BeingSuman BeingSuman - 14 days ago 8x
Javascript Question

MongoDB + Node JS + Role Based Access Control (RBAC)

Am currently learning MEAN stack, developing a simple TODO's app and want to implement Role Based Access Control (RBAC) for that. How do i set up roles & permission on MongoDB.

I want 3 roles (roles may look funny but this is purely to learn) :

  • GOD


  • MAN

GOD - similar to super admin, can do anything in the application. C,R,U,D permissions for TODO's and for other users too. Can Create a TODO & assign it to any SUPER HERO or MAN directly. Update or Delete either a TODO or a User at any point in time.

SUPER HERO - similar to admin, has super power to do anything on his personal Data - C,R,U,D for TODO's. Can't create any users. Can only Read & add comments for TODO's created by GOD & assigned to him/her.

MAN - Can only Read and add comments to TODO's assigned to him/her.

To sum it up :

GOD - C,R,U,D [Global Level]
SUPER HERO - C,R,U,D [Private] + R,U [Assigned to him]
MAN - R,U [Assigned to him]

I understand that i need to have USERS & ROLES collections. Where ROLES inturn should have PERMISSIONS etc. How do i wire them all ?
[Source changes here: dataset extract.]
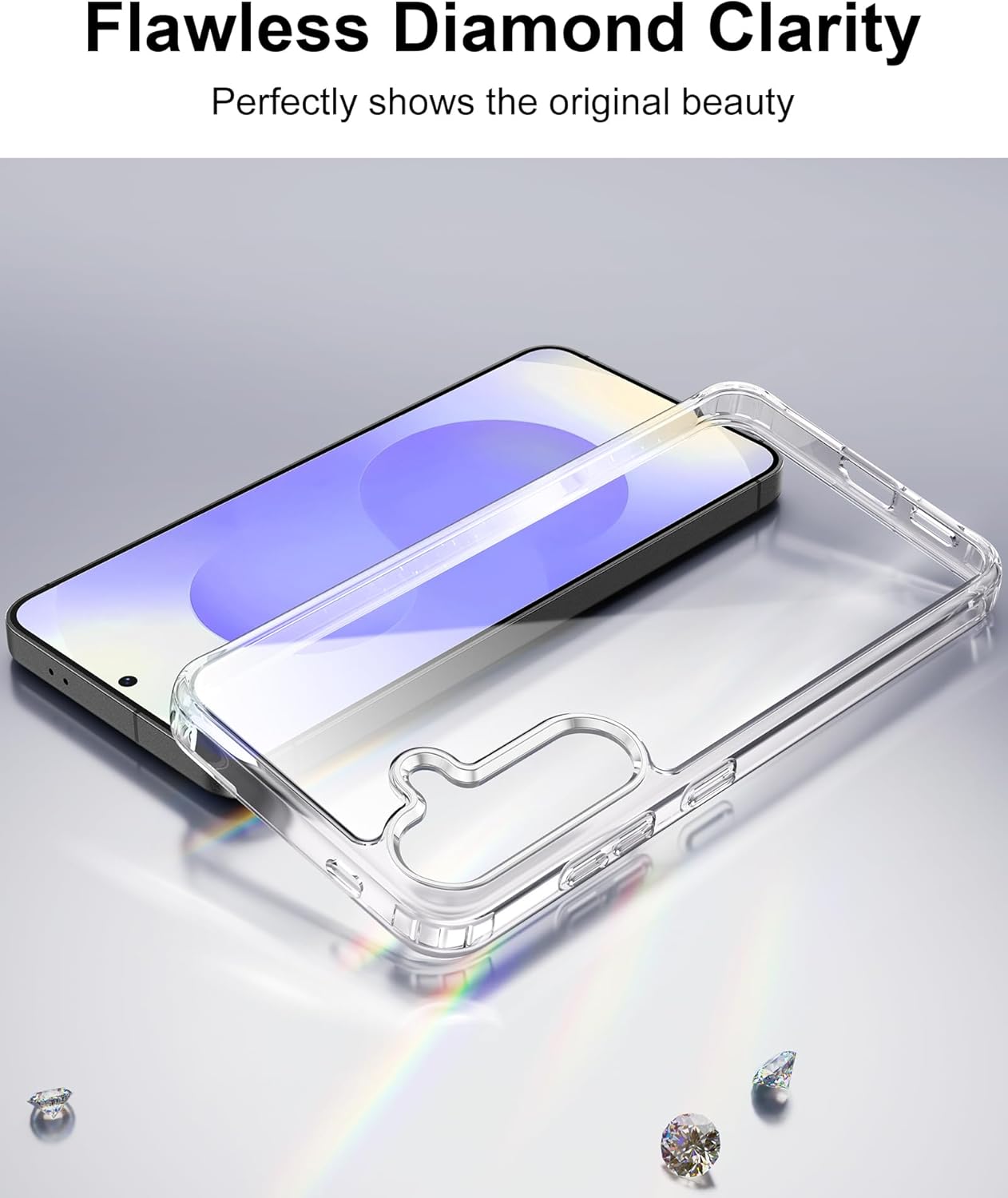 HOOMIL Кристално прозрачен калъф за Samsung Galaxy S25, антижълт прозрачен калъф за мобилен телефон, удароустойчив защитен калъф - прозрачен

I like names given to roles - GOD, SUPER HERO & MAN, easy to understand.

As you are using MEAN stack and much of routes validation happens on node, i would prefer keeping roles table simple.

Roles :

_id : 1,
name : GOD,
golbalPerms : true
_id : 2,
name : SUPER HERO,
privatePerms : true
_id : 3,
name : MAN

Users :

_id : 111,
name : Jesus,
roleId : 1
_id : 222,
name : BatMan,
roleId : 2
_id : 333,
name : Jack,
roleId : 3

When user logs in and sending user object back to client, make sure to replace roleId with corresponding role object from DB.

Coming to code on Node JS :

By completely understanding your usecase we can divide them into following methods -

  • CreateUser

  • CreateTodo

  • DeleteTodo

  • ReadTodo

  • UpdateTodo
  • CommentTodo

  • AssignTodo

Lets go step by step, CreateUser.

Routes code snippet :

app.all('/users', users.requiresLogin);

// Users Routes
    .post(users.hasPerms('globalPerms'), users.create);

In your Controller you can validate based on the input globalPerms, if validated allow to create user by calling next() else return with corresponding error message.
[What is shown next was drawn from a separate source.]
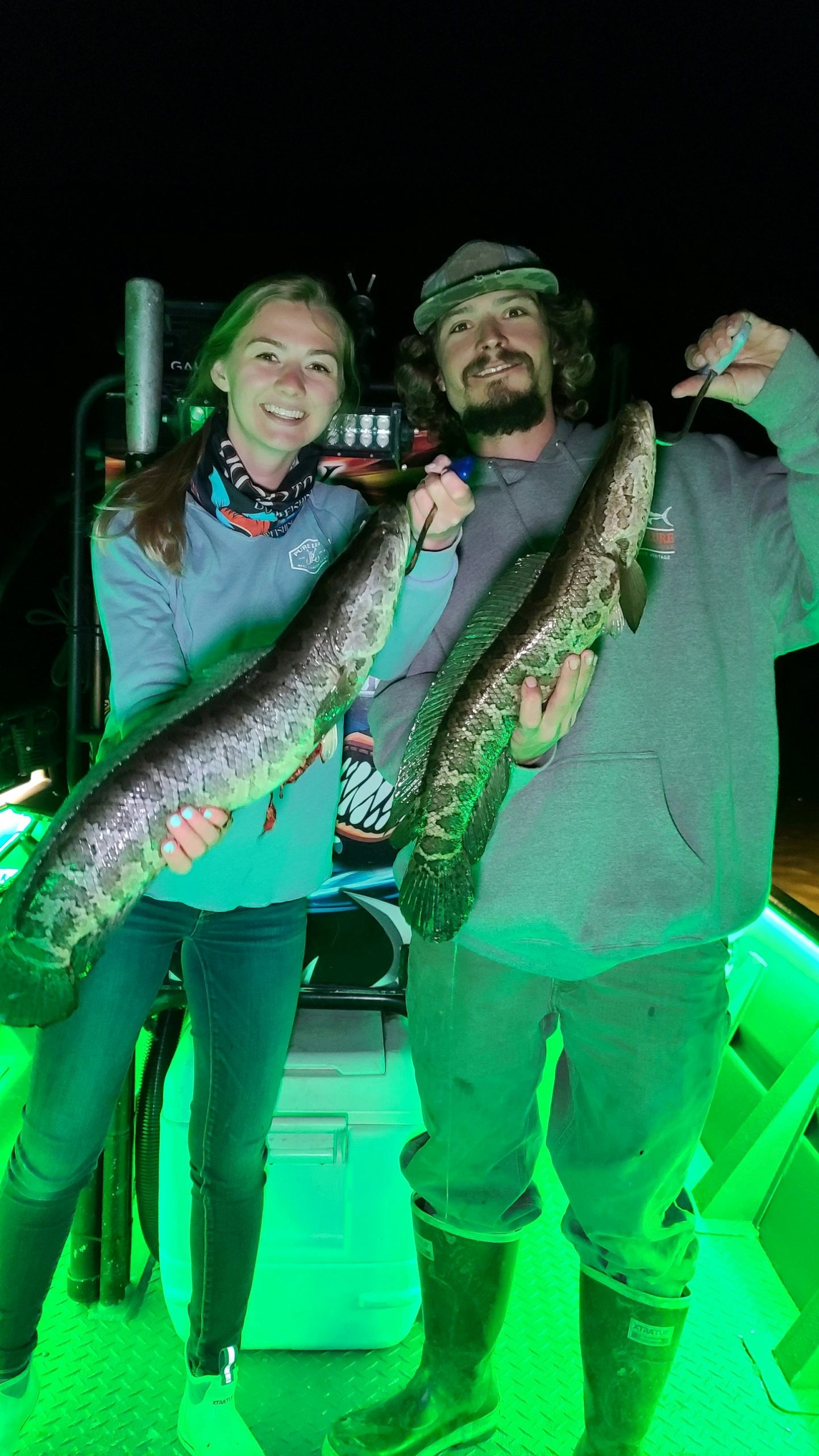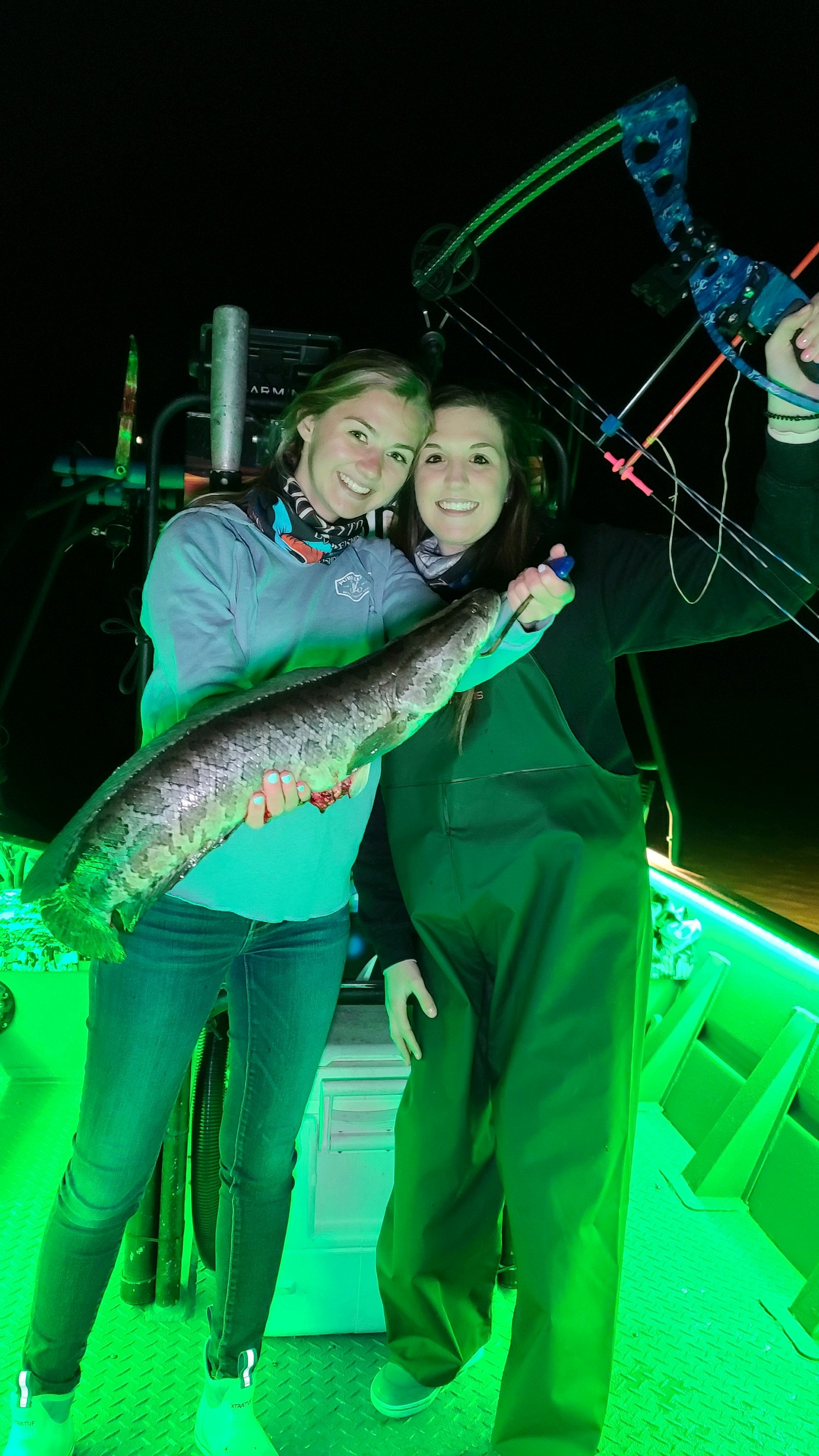 Captain Marc Spagnola of Dusk to Dawn Bowfishing is back on the water shooting stuff and last night he had an epic trip with the invasive Northern snakehead. Captain Marc had some great shooters on board last night and they hit their mark (no pun intended) on several very nice snakeheads. If you like bowfishing in a very cool setting for some good eating fish this is a trip for you.

Now CreateTodo && DeleteTodo :

Both of them pretty much work on same logic with a small trick.

Routes code snippet :

app.all('/todos', users.requiresLogin);

// Users Routes
    .post(users.hasPerms('globalPerms','privatePerms'), todos.create);
    .delete(users.hasPerms('globalPerms','privatePerms'), todos.delete);

For creating a Todo, globalPerms are with GOD & privatePerms are with SUPER HERO, both of them can be allowed.

Trick here will be in todos.delete method, just ensure === todos.createById else SUPER HERO may go on to delete Todos created by GOD.

ReadTodo :

When a TODO is created it should have a createById stored likewise when a TODO is assigned to someone then assignedTo and assignedBy should be recorded too.
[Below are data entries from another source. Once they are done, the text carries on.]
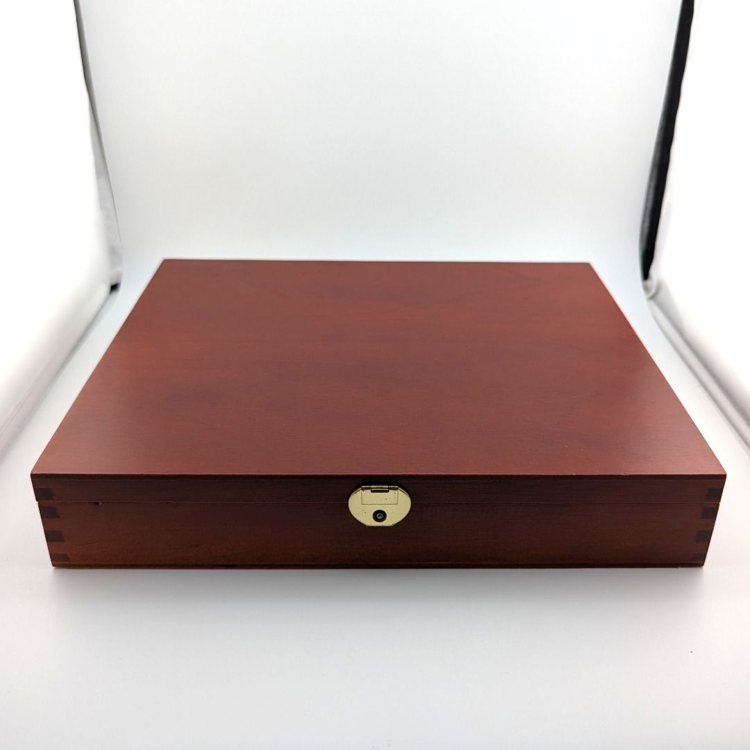 Münzen bankfrischer Erhaltung gekapselt in schöner Holzmünzkassette.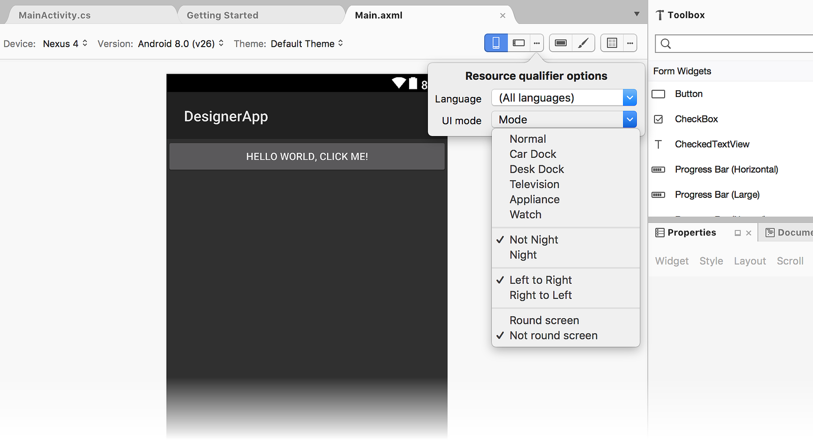 The Android Version selector sets the Android version that is used to render the layout in the Designer. The selector displays all versions that are compatible with the target framework version of the project: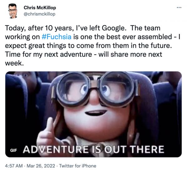 近日,谷歌 Fuchsia OS 操作系统负责人、开发总监 Chris McKillop 宣布即将离开公司。3 月 26 日,Chris McKillop 在推特上正式对外公布了这一消息并发文称“今天,在 10 年之后,我已经离开了 Google。Fuchsia 团队是有史以来最优秀的团队之一,我期待他们在未来能有更大的作为。是时候进行我的下一次冒险了。”目前,Fuchsia OS 官方团队也已正式在社交媒体上确认了 Chris McKillop 离职的消息。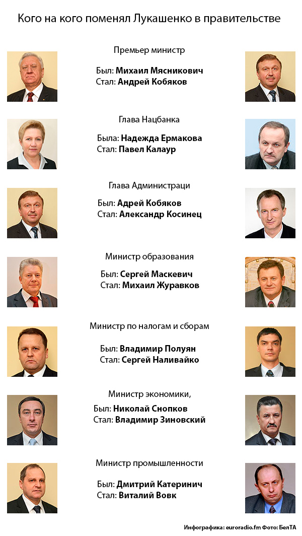 З крэсла ў крэсла: Каго на каго памяняў Лукашэнка ва ўрадзе (інфаграфіка)
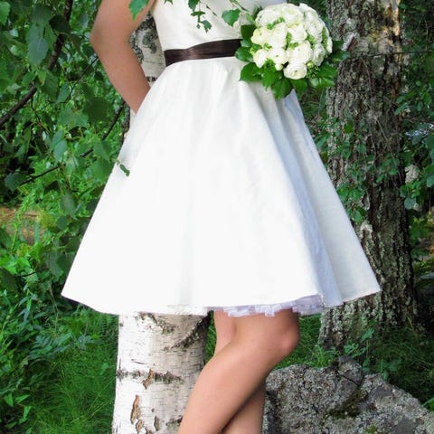 Myydään ompelijalla teetetty häämekko. Koko n.36. Ehjä ja siisti, kerran käytetty 1960-luvulla.

This makes lot of other operations easy to handle.

user.role.globalPerms - give GOD all TODO's data.

user.role.privatePerms - give TODO's either createdBy him/her or assigned to him/her.

user.role.globalPerms === undefined && user.role.privatePerms === undefined - its MAN and give TODO's which are only assignedTo him.

UpdateTodo & CommentTodo :

This is exact replica of what ReadTODO does so DIY

Last one, AssignTodo :

Simple one, === todos.createdById then he can assign it to anyone.

Two things to keep in mind here :

  1. As assigning part mostly happens on your UI (Angular) front, i have given that approach of checking === todos.createdById. Logged in user any ways will see all TODO's by read operation and can assign it to anyone he/she likes.

  2. Make sure a SUPER HERO can only assign a TODO to himself or other SUPER HERO or to a MAN but not to GOD. How you show Assign to options on UI front is out of scope of this question. This is just a heads up.

Hope this was clear.

NOTE : There was no necessity to give permissions to MAN in Roles collection & we managed all possible operations with out that.